### TASK INSTRUCTIONS
Please set down each record exactly as it appears, but leave out any pictures.

Items listed in a dataset:
──────────

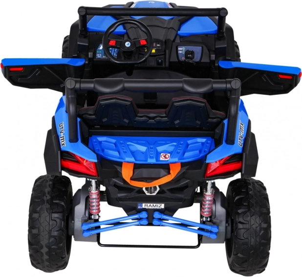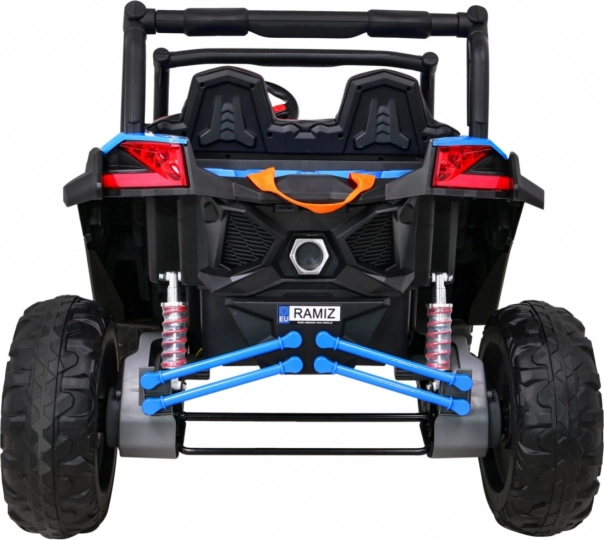 De buggy heeft LED-verlichting voor en achter met schakelaar, een laadstatusindicator, keuze voor voor-/achteruit en 2 vooruitversnellingen bediend met een schakelhendel. De stevige constructie, hoge bodemvrijheid van 29 cm en draagvermogen van 50 kg maken deze UTV ideaal voor broertjes/zusjes en langere ritten.
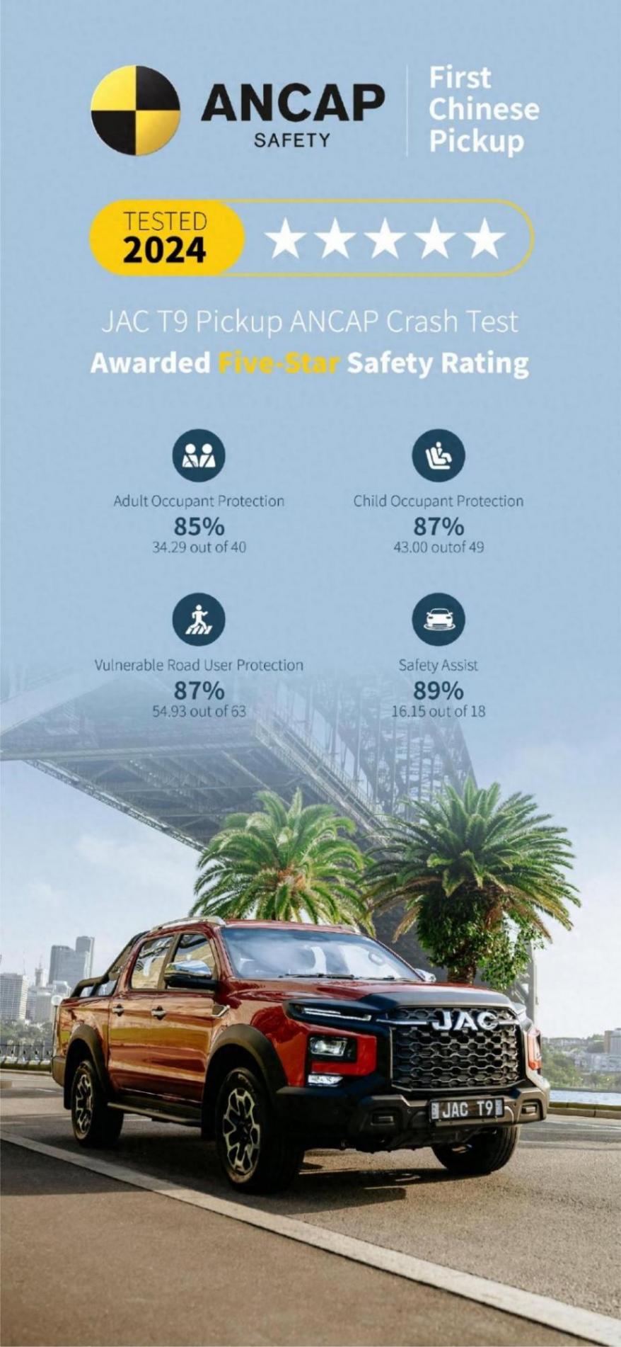 安全無小事,江淮皮卡始終將安全放在產品研發和制造的首要位置。江淮T9(即全新悍途)在澳洲ANCAP碰撞測試中亮出“底牌”,不僅榮獲最高五星安全評級,而且還是澳洲ANCAP新規下中國品牌皮卡第一個五星、全球皮卡綜合得分第一,樹立行業天花板級安全水準。
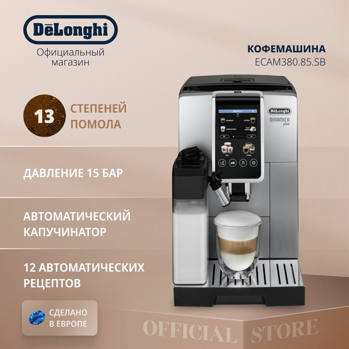 СохранитьКофемашина автоматическая Delonghi Dinamica Plus ECAM380.85.SB серебристый, черный интересное:
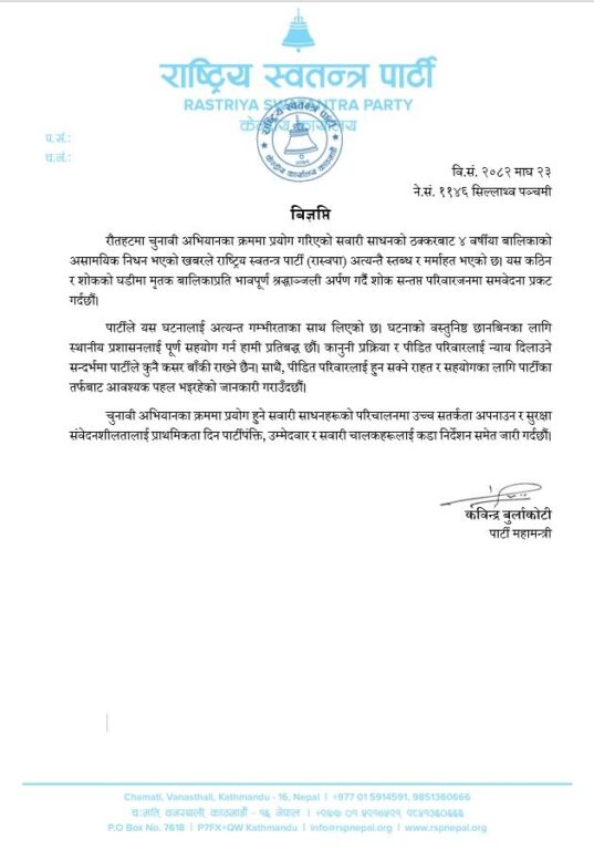 काठमाडौँ । राष्ट्रिय स्वतन्त्र पार्टीले रौतहटमा पार्टीका उम्मेदवारको गाडीको ठक्करबाट बालिकाको मृत्यु भएको घटनालाई गम्भीरताका साथ लिएको जनाएको छ ।
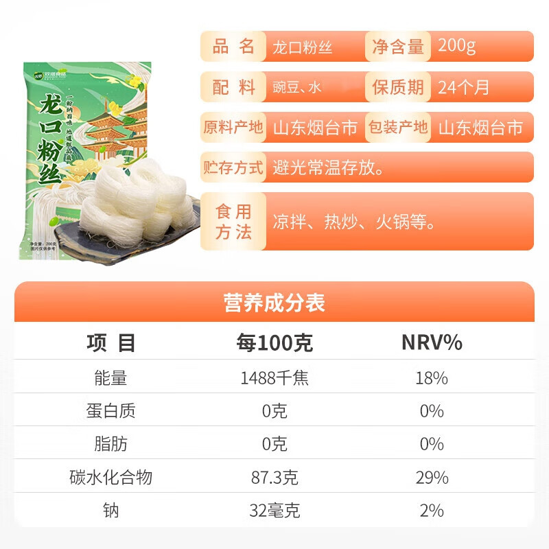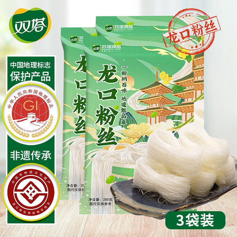 双塔龙口粉丝200g*3袋凉拌粉条水晶粉鸭血粉丝南北干货烧烤火锅食材
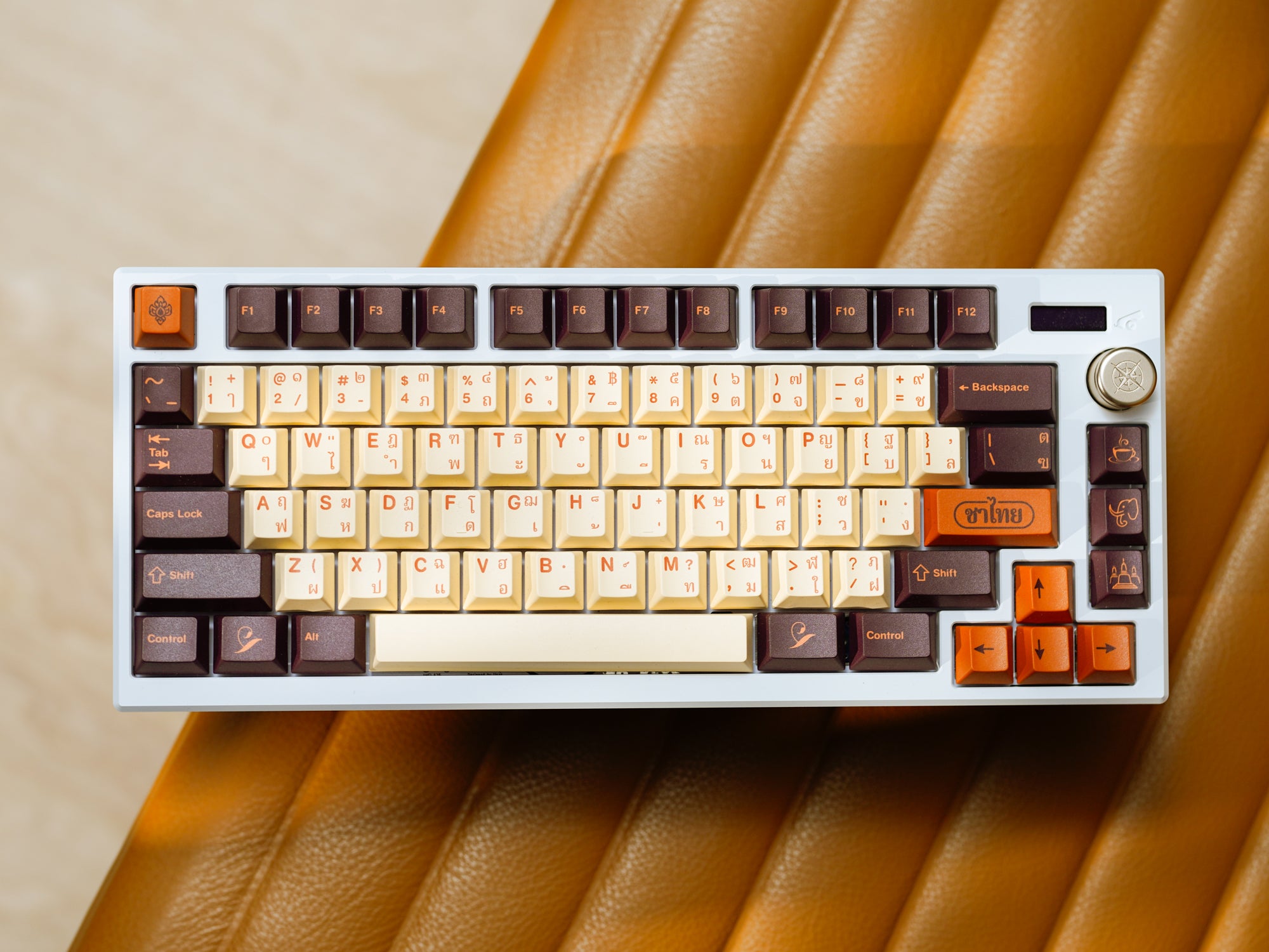 Sweet and creamy, just like the drink this keyset is inspired by! Purply-brown mods combine with the creamy alphas and orange legends to complete this delicious set (but please don't eat them!). The kit even includes several themed novelties, split spacebars, a second 'B' for all the Alice-style keyboards, and 4-key-40's support!
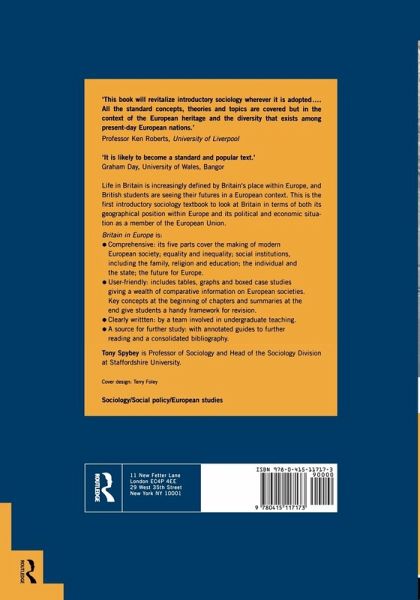 Introduction: Tony Spybey PART ONE: THE MAKING OF MODERN EUROPE: 1. Industrialisation 2. Urbanization and urban Europe: The transition to urban lifestyles and contemporary urban problems 3. The state as a European creation 4. Reason and modernity PART TWO: THE MAKING OF THE MODERN EUROPEAN: 5. Social stratification 6. Women, paid employment and opportunity 7. Racism, immigration and migrant labour 8. Winners and losers: young people in Europe 9. Old Age in Europe PART THREE:SOCIAL PROCESSES AND CONTEMPORARY ISSUES: 10. Families in Europe 11. Education in Europe 12. Religion in Europe 13. Work, employment and unemployment 14. European culture and ideology in mass communication PART FOUR: THE INDIVIDUAL AND THE STATE IN CONTEMPORARY EUROPE: 15. Political participation in Europe: theme and variation 16. Implementing social welfare policy in Europe: The significance of social work, social pedagogy and community work 17. Poverty and social security 18. Health, healthcare and health inequalities 19. Crime and penal policy in Europe PART FIVE: LOOKING FORWARD: CHALLENGES FACING EUROPE: 20. Urban change and urban problems 21. Peripheral nationalism in the European Union 22. Europe's changing role in the globalization process

──────────

### COMPLETED EXERCISE
 De buggy heeft LED-verlichting voor en achter met schakelaar, een laadstatusindicator, keuze voor voor-/achteruit en 2 vooruitversnellingen bediend met een schakelhendel. De stevige constructie, hoge bodemvrijheid van 29 cm en draagvermogen van 50 kg maken deze UTV ideaal voor broertjes/zusjes en langere ritten.
 安全無小事,江淮皮卡始終將安全放在產品研發和制造的首要位置。江淮T9(即全新悍途)在澳洲ANCAP碰撞測試中亮出“底牌”,不僅榮獲最高五星安全評級,而且還是澳洲ANCAP新規下中國品牌皮卡第一個五星、全球皮卡綜合得分第一,樹立行業天花板級安全水準。
 СохранитьКофемашина автоматическая Delonghi Dinamica Plus ECAM380.85.SB серебристый, черный интересное:
 काठमाडौँ । राष्ट्रिय स्वतन्त्र पार्टीले रौतहटमा पार्टीका उम्मेदवारको गाडीको ठक्करबाट बालिकाको मृत्यु भएको घटनालाई गम्भीरताका साथ लिएको जनाएको छ ।
 双塔龙口粉丝200g*3袋凉拌粉条水晶粉鸭血粉丝南北干货烧烤火锅食材
 Sweet and creamy, just like the drink this keyset is inspired by! Purply-brown mods combine with the creamy alphas and orange legends to complete this delicious set (but please don't eat them!). The kit even includes several themed novelties, split spacebars, a second 'B' for all the Alice-style keyboards, and 4-key-40's support!
 Introduction: Tony Spybey PART ONE: THE MAKING OF MODERN EUROPE: 1. Industrialisation 2. Urbanization and urban Europe: The transition to urban lifestyles and contemporary urban problems 3. The state as a European creation 4. Reason and modernity PART TWO: THE MAKING OF THE MODERN EUROPEAN: 5. Social stratification 6. Women, paid employment and opportunity 7. Racism, immigration and migrant labour 8. Winners and losers: young people in Europe 9. Old Age in Europe PART THREE:SOCIAL PROCESSES AND CONTEMPORARY ISSUES: 10. Families in Europe 11. Education in Europe 12. Religion in Europe 13. Work, employment and unemployment 14. European culture and ideology in mass communication PART FOUR: THE INDIVIDUAL AND THE STATE IN CONTEMPORARY EUROPE: 15. Political participation in Europe: theme and variation 16. Implementing social welfare policy in Europe: The significance of social work, social pedagogy and community work 17. Poverty and social security 18. Health, healthcare and health inequalities 19. Crime and penal policy in Europe PART FIVE: LOOKING FORWARD: CHALLENGES FACING EUROPE: 20. Urban change and urban problems 21. Peripheral nationalism in the European Union 22. Europe's changing role in the globalization process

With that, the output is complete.